[Records from a data collection]
=-=-=-=-=

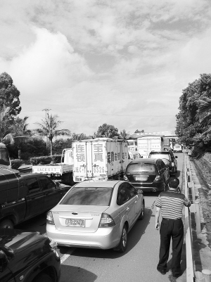 司机陈先生向记者抱怨,当天要到洋浦参加一个重要会议,想不到被堵在半路,给自己造成的损失不小。
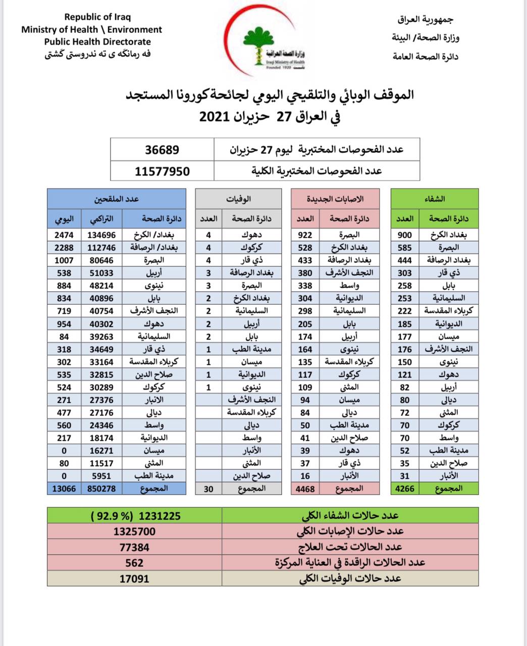 محلياتالصحة تعلن تسجيل 4468 اصابة جديدة بكورونا في عموم العراق قبل 5 سنوات 4 مشاهدات شارك قد يهمك أيضا الاخبار العاجلة وزارة المالية: رواتب الموظفين والمتقاعدين مؤمنة قبل 7 ساعات 17 مشاهدات الاخبار العاجلة وزارة المالية تنفي التصريحات التي تتحدث بعدم وجود رواتب للموظفين في الشهر المقبل قبل 7 ساعات 20 مشاهدات عربي ودولي البيت الأبيض: الرئيس ترامب يرغب في التوصل إلى اتفاق بشأن إيران قبل 8 ساعات 10 مشاهدات عربي ودولي غداة المفاوضات النووية.. وزير الخارجية الإيراني ينشر مقالًا قديمًا لنتنياهو عن صدام حسين قبل 8 ساعات 13 مشاهدات عربي ودولي الخارجية الإيرانية: نأمل أن يشارك الجانب الأميركي بمفاوضات مسقط بمسؤولية وواقعية وجدية قبل 10 ساعات 9 مشاهدات
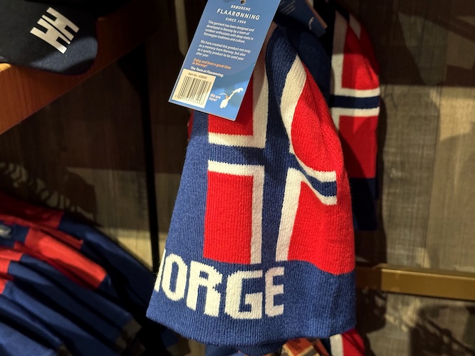 A line that features a more traditional look, especially when compared to merchandise found throughout the other World Showcase pavilions. This line also includes the Norway flag in the shape of a Mickey Mouse head, similar to the other pavilions as well.
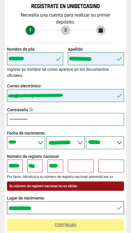Usa los links protegidos que ofrecemos para llegar sin problemas a la sección de inscripción de Unibet, esto te garantiza acceder al premio. Pulsa luego sobre el botón claro con texto “Crear cuenta”.
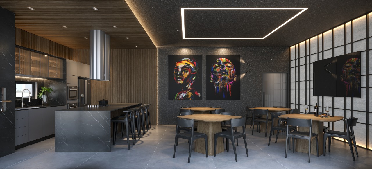 O condomínio oferece uma infraestrutura de alto padrão: piscina, spa, salão de festas, academia, espaço gourmet, sala de jogos, playground, sala de reunião e fire place, criando ambientes ideais tanto para relaxar quanto para socializar.
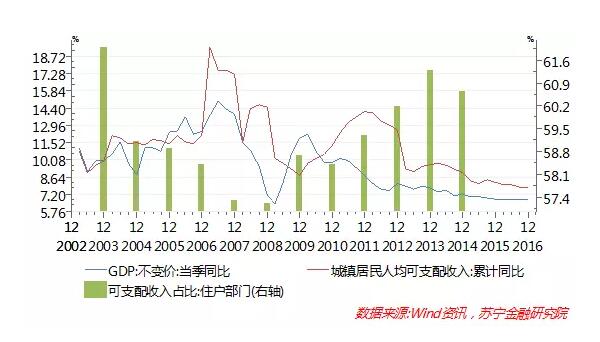 居民消費(fèi)升級(jí)和消費(fèi)支出的持續(xù)增長(zhǎng),首要條件無(wú)疑是居民可支配收入保持不低于整體經(jīng)濟(jì)的增速。
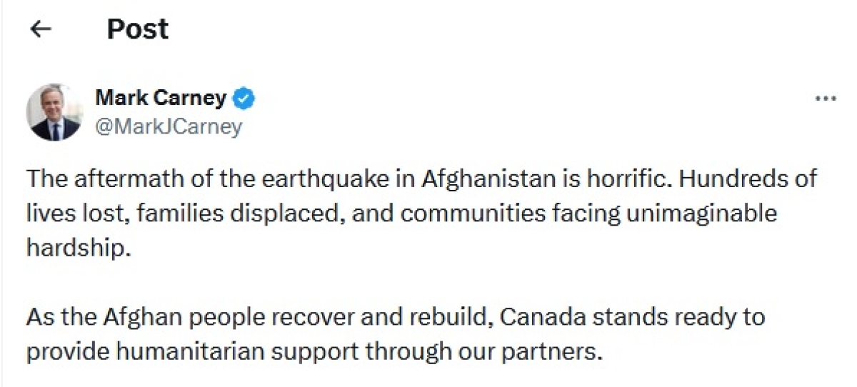 Earlier on X, Ambassador Hassan Soroosh wrote the following on Canada's response to the devastating earthquake in Eastern Afghanistan:
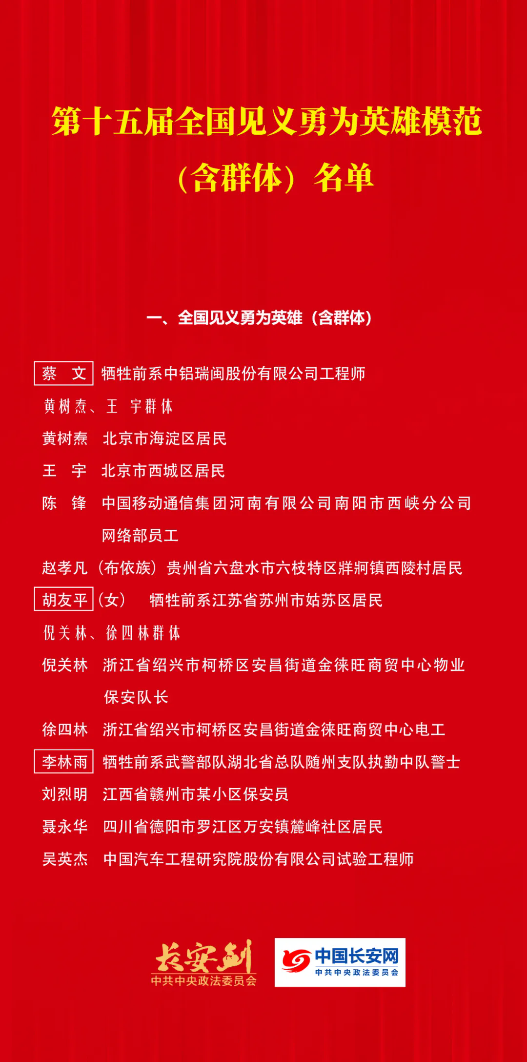 第十五届全国见义勇为英雄模范表彰大会7月21日在京召开,8名个人和2个群体获“全国见义勇为英雄”称号,40名个人和10个群体获“全国见义勇为模范”称号。 10个全国见义勇为英雄(含群体)和50个全国见义勇为模范(含群体)共82人,他们中有的直面违法犯罪挺身而出,有的投身抢险救灾逆向而行,有21人英勇牺牲,以生命诠释人间大爱。他们的事迹感动了亿万人民群众,彰显了社会正气正义,生动诠释了社会主义核心价值观的丰富内涵。
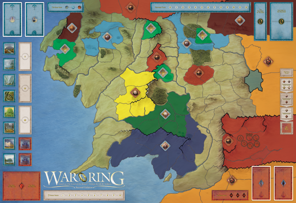 El tablero de juego representa la parte occidental de la Tierra Media a finales de la Tercera Edad. Además del área de juego en sí misma, el tablero de juego también incluye varias casillas y marcadores que se usan para ayudar a los jugadores a llevar el control de los diferentes elementos y componentes del juego.
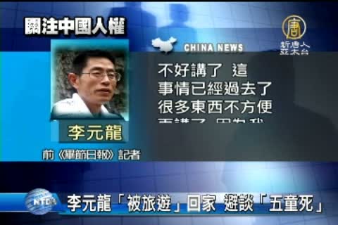 【新唐人亞太台2012年11月28日訊】首先披露貴州「五孩童在垃圾箱裡避寒被悶死」的大陸「公民記者」李元龍,自從上周三和妻子一起被國安帶走後,終於在周日重獲自由,在接受本台記者採訪時,李元龍坦言受到很大壓力,不便多做說明。

=-=-=-=-=

Task details. Copy the final stretch of lines, starting at the one that holds "第十五届全国见义勇为英雄模范" and ending at the last line of the data, exactly; omit pictures.

Exercise result.
 第十五届全国见义勇为英雄模范表彰大会7月21日在京召开,8名个人和2个群体获“全国见义勇为英雄”称号,40名个人和10个群体获“全国见义勇为模范”称号。 10个全国见义勇为英雄(含群体)和50个全国见义勇为模范(含群体)共82人,他们中有的直面违法犯罪挺身而出,有的投身抢险救灾逆向而行,有21人英勇牺牲,以生命诠释人间大爱。他们的事迹感动了亿万人民群众,彰显了社会正气正义,生动诠释了社会主义核心价值观的丰富内涵。
 El tablero de juego representa la parte occidental de la Tierra Media a finales de la Tercera Edad. Además del área de juego en sí misma, el tablero de juego también incluye varias casillas y marcadores que se usan para ayudar a los jugadores a llevar el control de los diferentes elementos y componentes del juego.
 【新唐人亞太台2012年11月28日訊】首先披露貴州「五孩童在垃圾箱裡避寒被悶死」的大陸「公民記者」李元龍,自從上周三和妻子一起被國安帶走後,終於在周日重獲自由,在接受本台記者採訪時,李元龍坦言受到很大壓力,不便多做說明。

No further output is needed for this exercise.